Sample implementation, without a compiler. This is basically what C/C++ do behind the scenes when you access multidimensional arrays. You'll have to further define accessor behaviour when less than the actual dimensions are specified & so on. Overhead will be minimal and could be optimized further, but thats microoptimizing imho. Also, you never actually know what goes on under the hood after JIT kicks in.
class MultiDimentionalArray<T> {
//disclaimer: written within SO editor, might contain errors
private T[] data;
private int[] dimensions; //holds each dimensions' size
public MultiDimensionalArray(int... dims) {
dimensions = Arrays.copyOf(dims, dims.length);
int size = 1;
for(int dim : dims)
size *= dim;
data = new T[size];
}
public T access(int... dims) {
int idx = 1;
for(int i = 0; i < dims.length)
idx += dims[i] * dimensions[i]; //size * offset
return data[idx];
}
}
The most efficient method of implementing multi-dimensional arrays is by utilizing one-dimensional arrays as multi-dimensional arrays. See this answer about mapping a 2D array into a 1D array.

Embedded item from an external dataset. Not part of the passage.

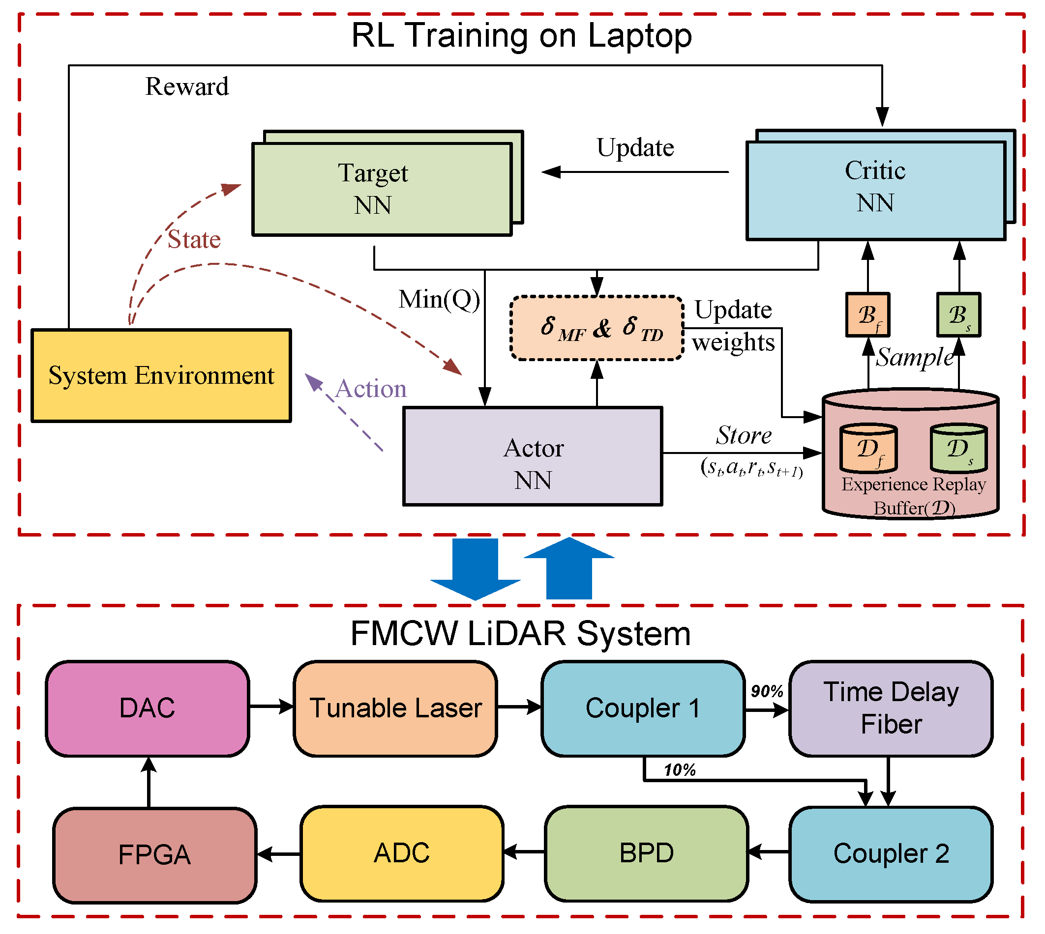 Figure 3. First, the FMCW LiDAR experimental system section, where an Field-Programmable Gate Array (FPGA) generates the original modulated signal, which is then converted into a drive signal via a digital-to-analog converter (DAC) to drive a tunable laser to generate laser light. The laser light is split by a coupler into 10% local light and 90% measurement light. The measurement light then passes through a time-delay fiber before entering a second coupler simultaneously with the local light, where they are mixed and frequency-converted into beat signals via a BPD. Then, an analog-to-digital converter (ADC) quantizes and collects the beat frequency signal to the FPGA. The FPGA transmits the digitized beat frequency data and the original modulation signal to the laptop via a network protocol and initializes the system environment required for RL training. Then, the HPER-SAC reinforcement learning network algorithm is started. First, the actor interacts with the environment and stores the samples in the experience replay buffer. Then, it calculates the beat frequency MF and TD error between adjacent segments within the sweep frequency period to construct a mixed priority experience pool and automatically adjust the proportion of replayed experiences. After training the agent, probabilistic sampling is performed from the experience replay buffer, and the parameters of the critic network are updated. Simultaneously, the target network undergoes a soft update to guide the Actor network in updating the signal modulation actions. The specific HPER-SAC algorithm steps are shown in Algorithm 1.

// 2D data structure as 1D array
int[] array = new int[width * height];
// access the array
array[x + y * width] = /*value*/;
I could of course use a single-dimensional array that maps to a 2D one, but I prefer something more structured.
If you want to access array in a more structured manner, create a class for it:
public class ArrayInt {
private final int[] array;
private final int width, height;
public ArrayInt(int width, int height) {
array = new int[width * height];
this.width = width;
this.height = height;
}
public int getWidth() {
return width;
}
public int getHeight() {
return height;
}
public int get(int x, int y) {
return array[x + y * width];
}
public void set(int x, int y, int value) {
array[x + y * width] = value;
}
}
If you wanted arrays of objects, you could use generics and define class Array<T>, where T is the object stored in the array.
Performance-wise, this will, in most cases, be faster than a multi-dimensional array in Java. The reasons can be found in the answers to this question.
If you cannot live without C constructs, there's always JNI.
Or you could develop your own Java-derived language (and VM and optimizing JIT compiler) that has a syntax for multidimensional continuous-memory arrays.